● Information given
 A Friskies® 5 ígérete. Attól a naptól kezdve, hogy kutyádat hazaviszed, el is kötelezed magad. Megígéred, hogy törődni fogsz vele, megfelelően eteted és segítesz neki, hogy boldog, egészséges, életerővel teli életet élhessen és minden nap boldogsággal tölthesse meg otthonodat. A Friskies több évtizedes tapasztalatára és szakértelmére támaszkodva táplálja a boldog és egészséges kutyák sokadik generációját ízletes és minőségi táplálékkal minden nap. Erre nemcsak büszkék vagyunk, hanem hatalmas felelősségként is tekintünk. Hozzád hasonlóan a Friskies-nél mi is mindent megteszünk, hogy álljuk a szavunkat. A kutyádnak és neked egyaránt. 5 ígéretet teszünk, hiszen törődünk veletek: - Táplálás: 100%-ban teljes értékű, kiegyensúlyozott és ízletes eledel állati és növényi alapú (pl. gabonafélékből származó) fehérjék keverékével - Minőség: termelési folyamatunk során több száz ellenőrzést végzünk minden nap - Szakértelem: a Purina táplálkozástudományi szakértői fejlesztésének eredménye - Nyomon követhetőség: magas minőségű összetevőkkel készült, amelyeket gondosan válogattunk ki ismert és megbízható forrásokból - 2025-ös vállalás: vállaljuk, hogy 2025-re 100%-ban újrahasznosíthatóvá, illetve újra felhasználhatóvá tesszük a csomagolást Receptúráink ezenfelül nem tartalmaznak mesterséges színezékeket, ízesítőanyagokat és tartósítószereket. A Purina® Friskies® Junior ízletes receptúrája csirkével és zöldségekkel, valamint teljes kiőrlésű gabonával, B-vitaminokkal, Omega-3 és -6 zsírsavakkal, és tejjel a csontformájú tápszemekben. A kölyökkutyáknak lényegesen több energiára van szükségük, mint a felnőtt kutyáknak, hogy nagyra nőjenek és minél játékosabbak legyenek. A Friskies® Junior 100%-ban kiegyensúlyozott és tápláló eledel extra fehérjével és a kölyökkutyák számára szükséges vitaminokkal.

==

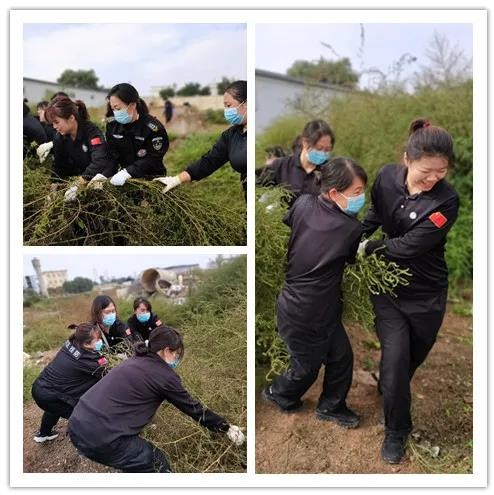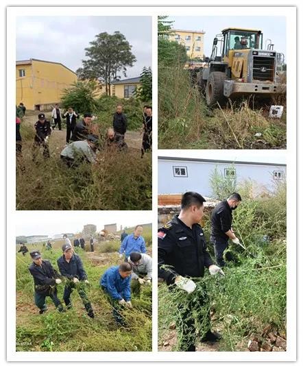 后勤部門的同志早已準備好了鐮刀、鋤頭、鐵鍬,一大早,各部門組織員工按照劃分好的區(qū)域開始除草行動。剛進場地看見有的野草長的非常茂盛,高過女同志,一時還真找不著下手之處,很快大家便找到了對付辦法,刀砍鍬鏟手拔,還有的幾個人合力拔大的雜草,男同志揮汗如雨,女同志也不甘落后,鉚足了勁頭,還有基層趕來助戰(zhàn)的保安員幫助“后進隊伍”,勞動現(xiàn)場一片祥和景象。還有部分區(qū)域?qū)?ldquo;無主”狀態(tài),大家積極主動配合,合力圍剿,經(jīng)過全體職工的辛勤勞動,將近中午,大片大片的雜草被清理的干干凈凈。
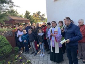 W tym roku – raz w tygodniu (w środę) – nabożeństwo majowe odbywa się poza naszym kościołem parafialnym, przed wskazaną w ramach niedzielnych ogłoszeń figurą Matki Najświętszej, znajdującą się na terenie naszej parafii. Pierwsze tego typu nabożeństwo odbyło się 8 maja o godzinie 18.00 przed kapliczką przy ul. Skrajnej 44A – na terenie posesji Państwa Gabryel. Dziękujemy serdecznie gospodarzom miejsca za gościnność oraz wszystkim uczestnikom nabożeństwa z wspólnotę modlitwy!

...

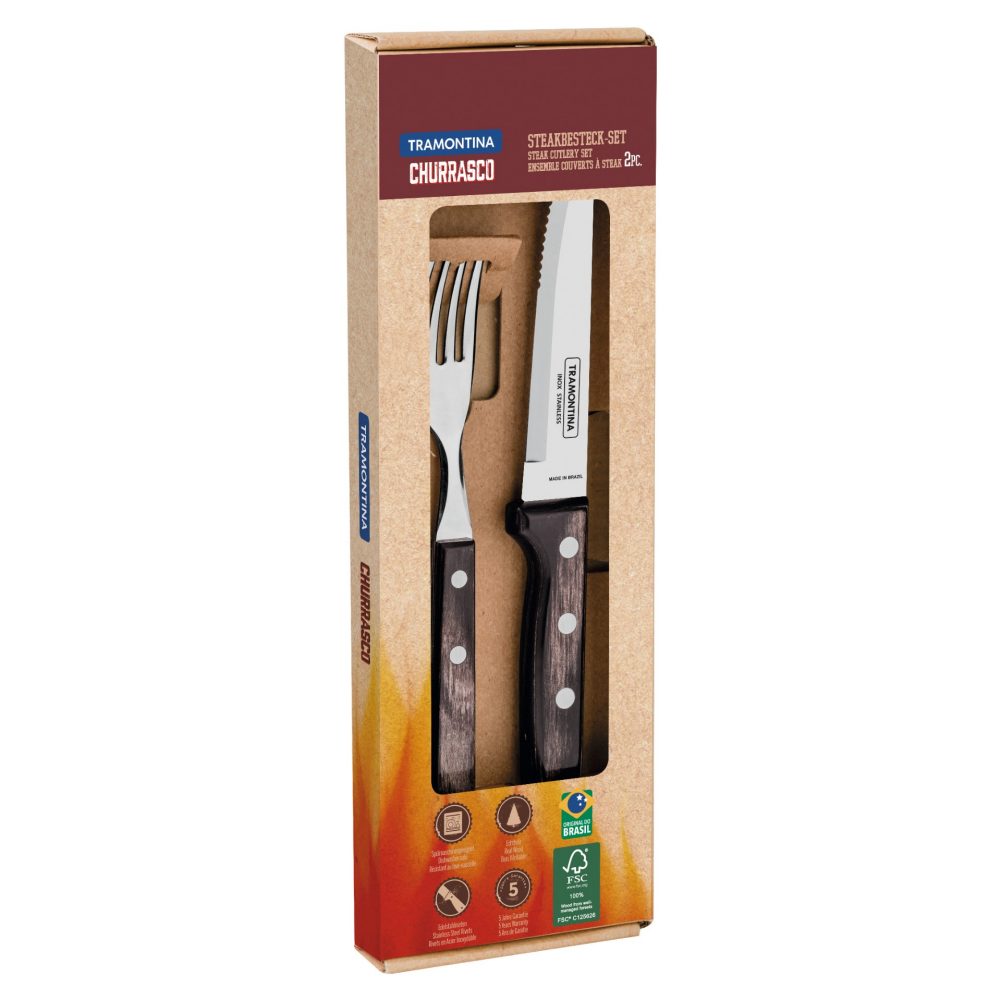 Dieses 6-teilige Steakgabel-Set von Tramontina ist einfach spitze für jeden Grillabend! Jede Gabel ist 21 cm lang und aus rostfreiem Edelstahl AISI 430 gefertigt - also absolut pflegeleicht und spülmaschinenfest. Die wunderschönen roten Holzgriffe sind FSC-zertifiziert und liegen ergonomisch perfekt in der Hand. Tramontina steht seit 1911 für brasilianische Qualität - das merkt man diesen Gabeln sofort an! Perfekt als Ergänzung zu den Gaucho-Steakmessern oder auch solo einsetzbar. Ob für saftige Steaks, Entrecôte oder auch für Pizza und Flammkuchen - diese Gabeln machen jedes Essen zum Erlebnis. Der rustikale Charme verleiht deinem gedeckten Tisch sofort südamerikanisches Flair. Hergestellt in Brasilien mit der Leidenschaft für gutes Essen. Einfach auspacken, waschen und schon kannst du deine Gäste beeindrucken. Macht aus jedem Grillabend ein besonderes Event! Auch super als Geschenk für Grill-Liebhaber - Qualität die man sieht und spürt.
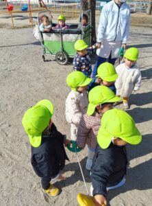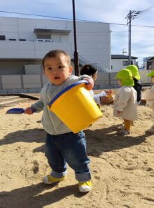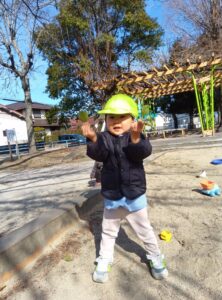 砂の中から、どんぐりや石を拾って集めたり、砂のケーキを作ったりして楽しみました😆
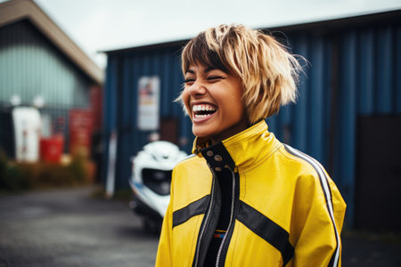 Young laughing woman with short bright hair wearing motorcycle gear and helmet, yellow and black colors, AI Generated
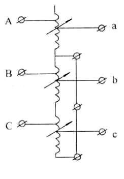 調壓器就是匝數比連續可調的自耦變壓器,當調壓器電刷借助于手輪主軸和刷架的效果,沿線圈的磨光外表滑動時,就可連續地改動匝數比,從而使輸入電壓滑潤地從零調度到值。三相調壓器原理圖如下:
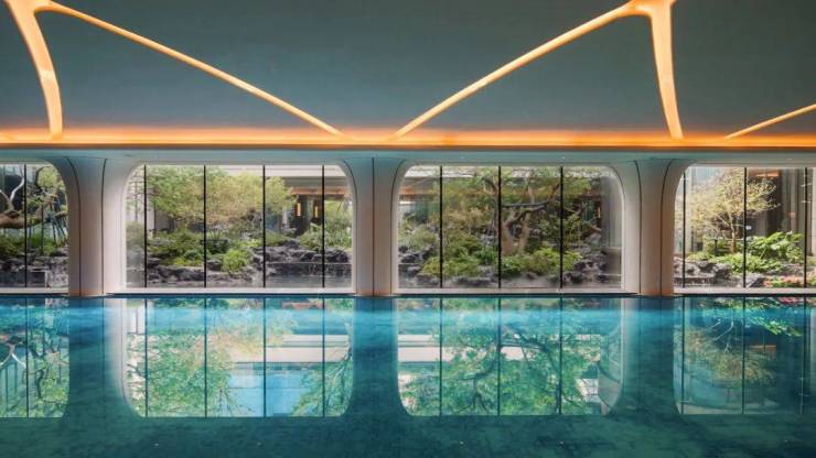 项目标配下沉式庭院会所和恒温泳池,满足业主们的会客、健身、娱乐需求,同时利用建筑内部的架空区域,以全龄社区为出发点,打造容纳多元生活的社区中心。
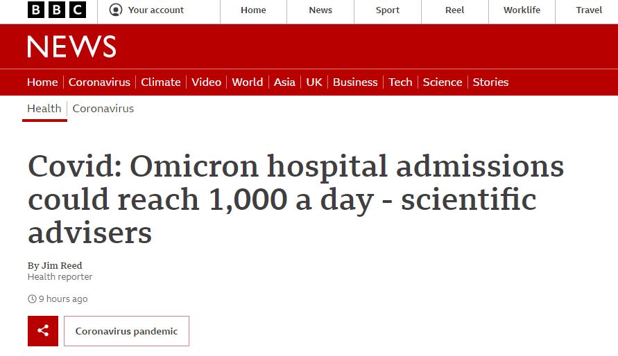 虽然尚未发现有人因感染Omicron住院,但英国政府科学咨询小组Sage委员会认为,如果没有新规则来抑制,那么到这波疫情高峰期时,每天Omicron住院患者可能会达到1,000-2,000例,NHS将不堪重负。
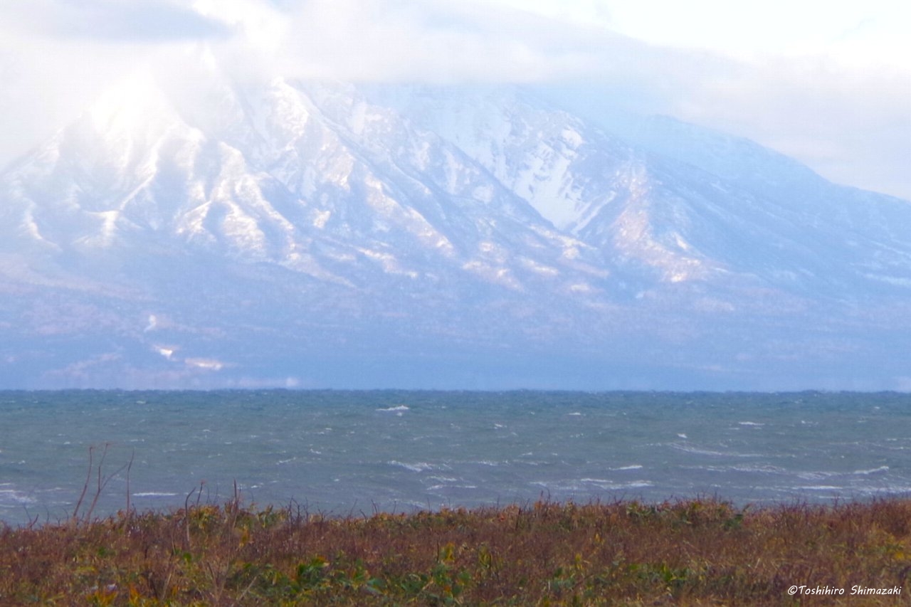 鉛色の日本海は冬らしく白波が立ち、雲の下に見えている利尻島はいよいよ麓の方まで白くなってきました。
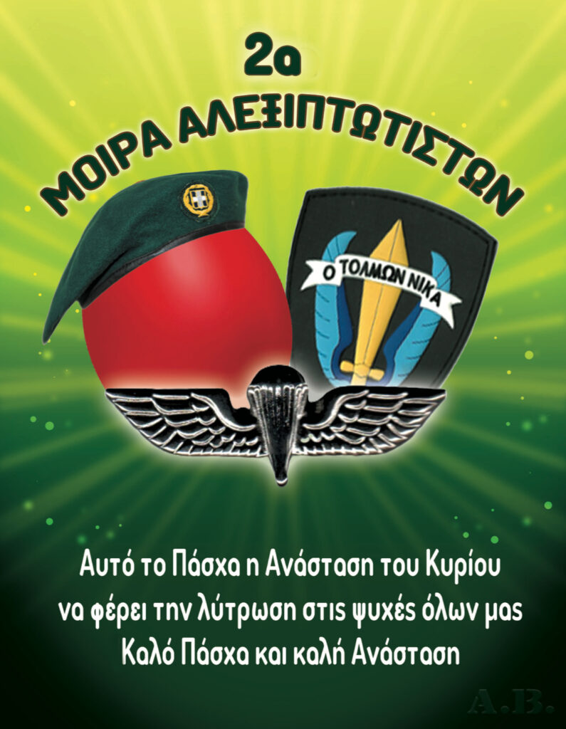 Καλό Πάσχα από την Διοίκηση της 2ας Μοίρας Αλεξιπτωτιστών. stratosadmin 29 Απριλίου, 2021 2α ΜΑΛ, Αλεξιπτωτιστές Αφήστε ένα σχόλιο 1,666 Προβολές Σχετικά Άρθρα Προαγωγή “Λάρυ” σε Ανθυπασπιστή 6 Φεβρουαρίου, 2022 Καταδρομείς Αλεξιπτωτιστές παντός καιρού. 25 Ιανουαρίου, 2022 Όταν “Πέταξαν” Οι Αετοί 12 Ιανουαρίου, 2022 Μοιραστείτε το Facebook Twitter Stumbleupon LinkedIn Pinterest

● Brief
What's needed is an exact copy of the lines above from the one with "Young laughing woman" through the one with "Καλό Πάσχα από", both included; the pictures stay out.

● Worked solution
 Young laughing woman with short bright hair wearing motorcycle gear and helmet, yellow and black colors, AI Generated
 調壓器就是匝數比連續可調的自耦變壓器,當調壓器電刷借助于手輪主軸和刷架的效果,沿線圈的磨光外表滑動時,就可連續地改動匝數比,從而使輸入電壓滑潤地從零調度到值。三相調壓器原理圖如下:
 项目标配下沉式庭院会所和恒温泳池,满足业主们的会客、健身、娱乐需求,同时利用建筑内部的架空区域,以全龄社区为出发点,打造容纳多元生活的社区中心。
 虽然尚未发现有人因感染Omicron住院,但英国政府科学咨询小组Sage委员会认为,如果没有新规则来抑制,那么到这波疫情高峰期时,每天Omicron住院患者可能会达到1,000-2,000例,NHS将不堪重负。
 鉛色の日本海は冬らしく白波が立ち、雲の下に見えている利尻島はいよいよ麓の方まで白くなってきました。
 Καλό Πάσχα από την Διοίκηση της 2ας Μοίρας Αλεξιπτωτιστών. stratosadmin 29 Απριλίου, 2021 2α ΜΑΛ, Αλεξιπτωτιστές Αφήστε ένα σχόλιο 1,666 Προβολές Σχετικά Άρθρα Προαγωγή “Λάρυ” σε Ανθυπασπιστή 6 Φεβρουαρίου, 2022 Καταδρομείς Αλεξιπτωτιστές παντός καιρού. 25 Ιανουαρίου, 2022 Όταν “Πέταξαν” Οι Αετοί 12 Ιανουαρίου, 2022 Μοιραστείτε το Facebook Twitter Stumbleupon LinkedIn Pinterest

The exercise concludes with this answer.